_REQUIRED WORK_
In the material below, find the line with "- An elegant" and the line with "Die Symbiote Spider-Man". Output exactly those two lines and all lines between them, leaving out pictures.
DATA EXTRACT: Begin
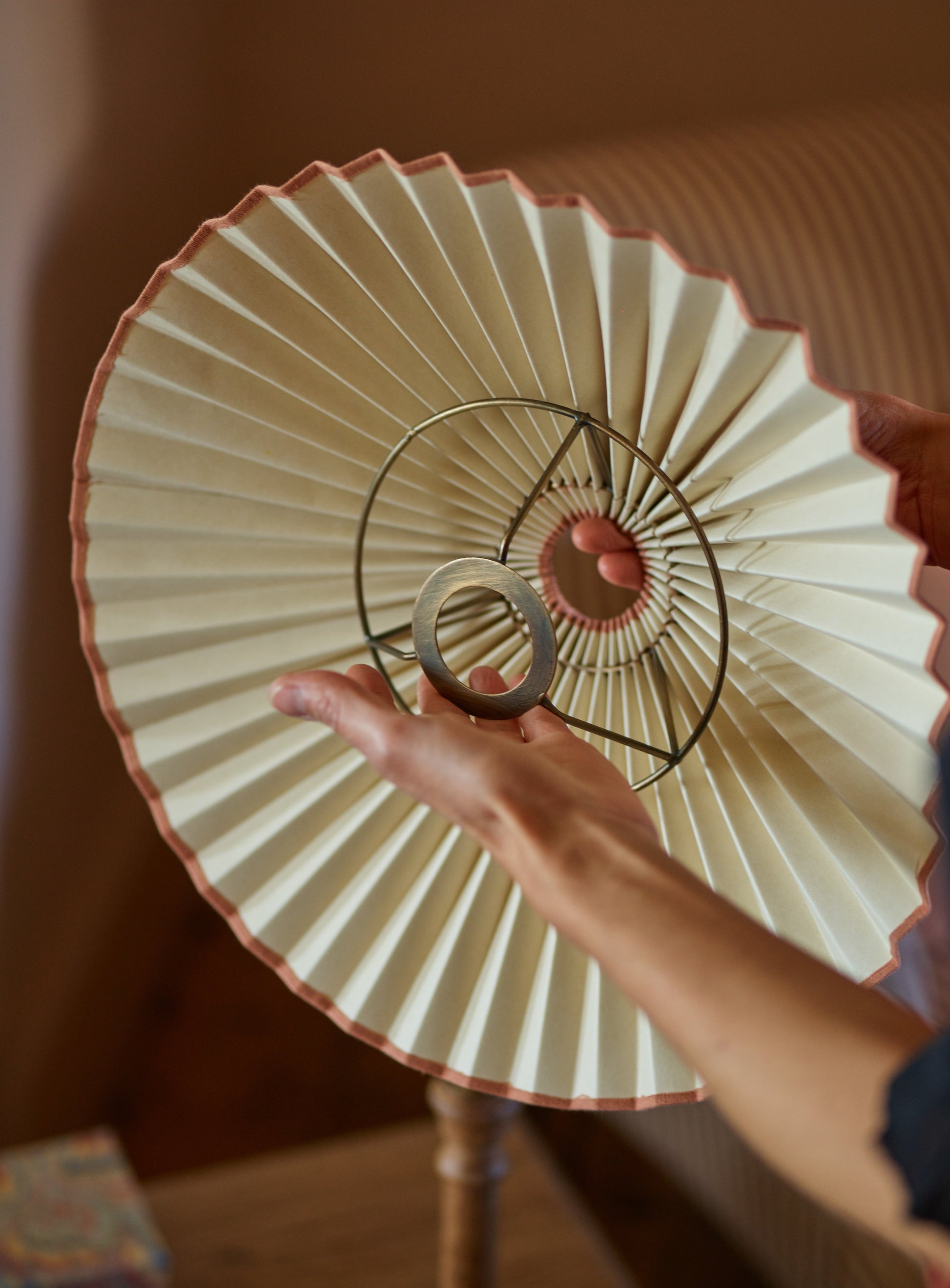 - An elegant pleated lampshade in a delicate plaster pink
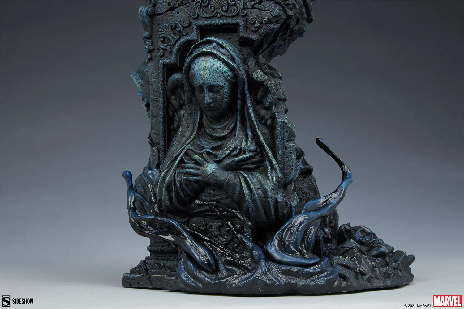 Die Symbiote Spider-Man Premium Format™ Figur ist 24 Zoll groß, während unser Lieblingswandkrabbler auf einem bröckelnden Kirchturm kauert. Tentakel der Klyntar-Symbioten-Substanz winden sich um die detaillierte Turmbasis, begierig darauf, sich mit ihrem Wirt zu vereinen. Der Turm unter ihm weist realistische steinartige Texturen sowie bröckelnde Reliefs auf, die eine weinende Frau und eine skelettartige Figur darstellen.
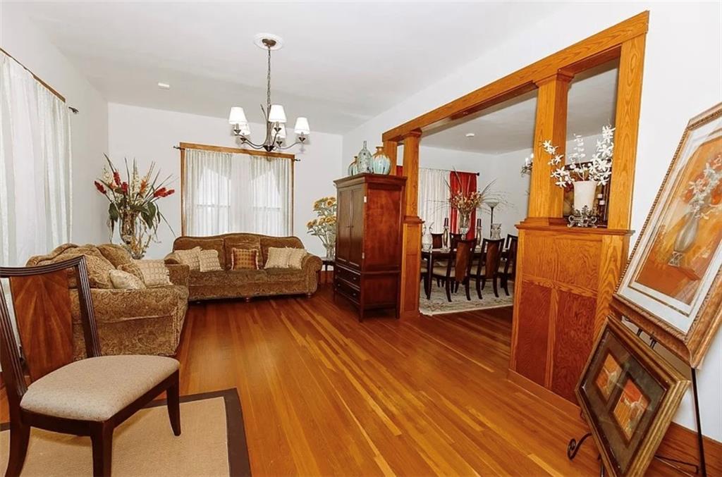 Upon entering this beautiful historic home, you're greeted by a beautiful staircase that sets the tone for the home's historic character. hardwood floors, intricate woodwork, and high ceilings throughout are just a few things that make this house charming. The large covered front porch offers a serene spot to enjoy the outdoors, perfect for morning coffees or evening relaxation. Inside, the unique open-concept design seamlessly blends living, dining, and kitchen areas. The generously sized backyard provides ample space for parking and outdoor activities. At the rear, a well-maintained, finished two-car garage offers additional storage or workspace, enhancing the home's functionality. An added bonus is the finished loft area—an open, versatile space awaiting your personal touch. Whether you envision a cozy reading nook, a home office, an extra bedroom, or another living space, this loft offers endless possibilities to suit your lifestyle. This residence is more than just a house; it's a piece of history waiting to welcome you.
DATA EXTRACT: End
DATA EXTRACT: Begin
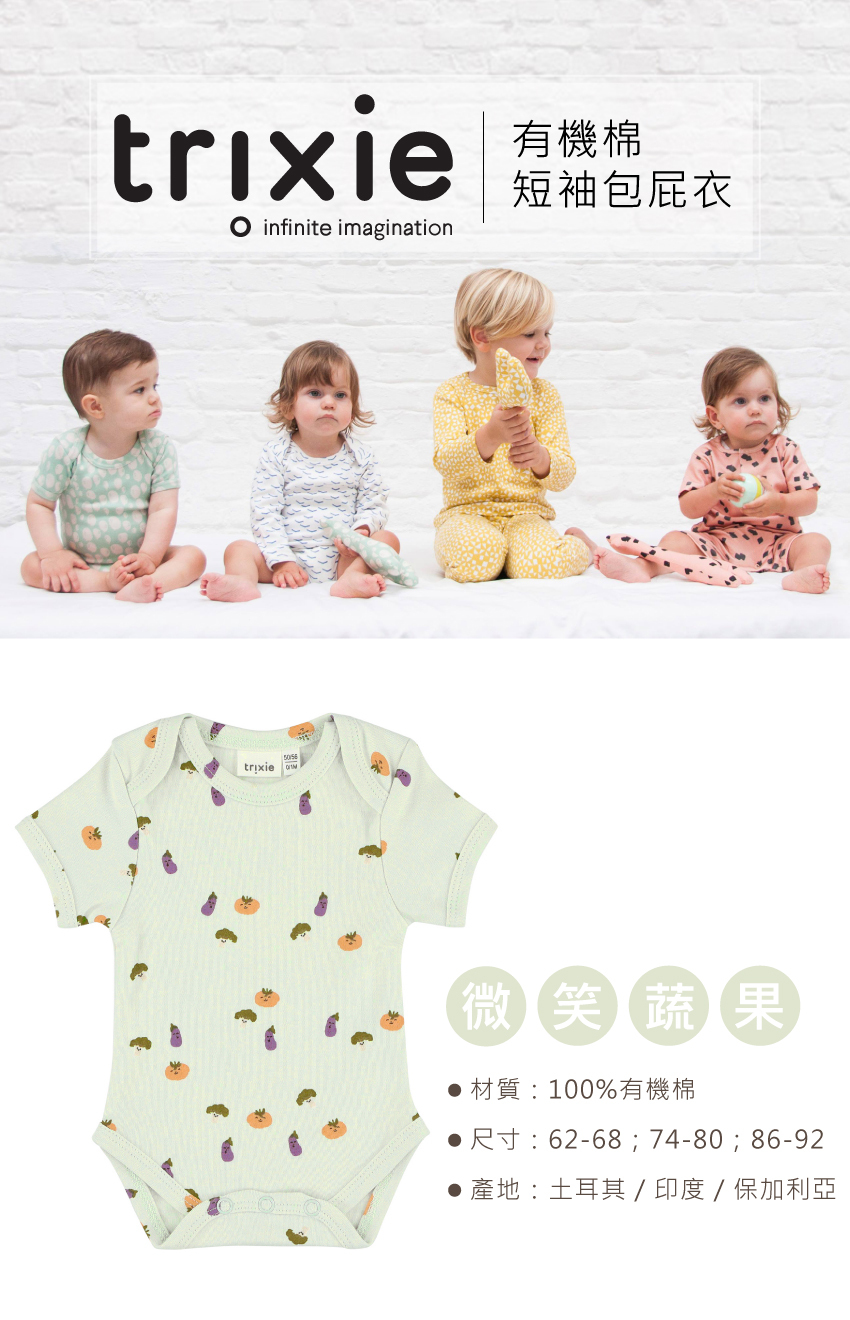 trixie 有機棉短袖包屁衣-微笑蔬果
DATA EXTRACT: End
_REPLY TO THE TASK_
 - An elegant pleated lampshade in a delicate plaster pink
 Die Symbiote Spider-Man Premium Format™ Figur ist 24 Zoll groß, während unser Lieblingswandkrabbler auf einem bröckelnden Kirchturm kauert. Tentakel der Klyntar-Symbioten-Substanz winden sich um die detaillierte Turmbasis, begierig darauf, sich mit ihrem Wirt zu vereinen. Der Turm unter ihm weist realistische steinartige Texturen sowie bröckelnde Reliefs auf, die eine weinende Frau und eine skelettartige Figur darstellen.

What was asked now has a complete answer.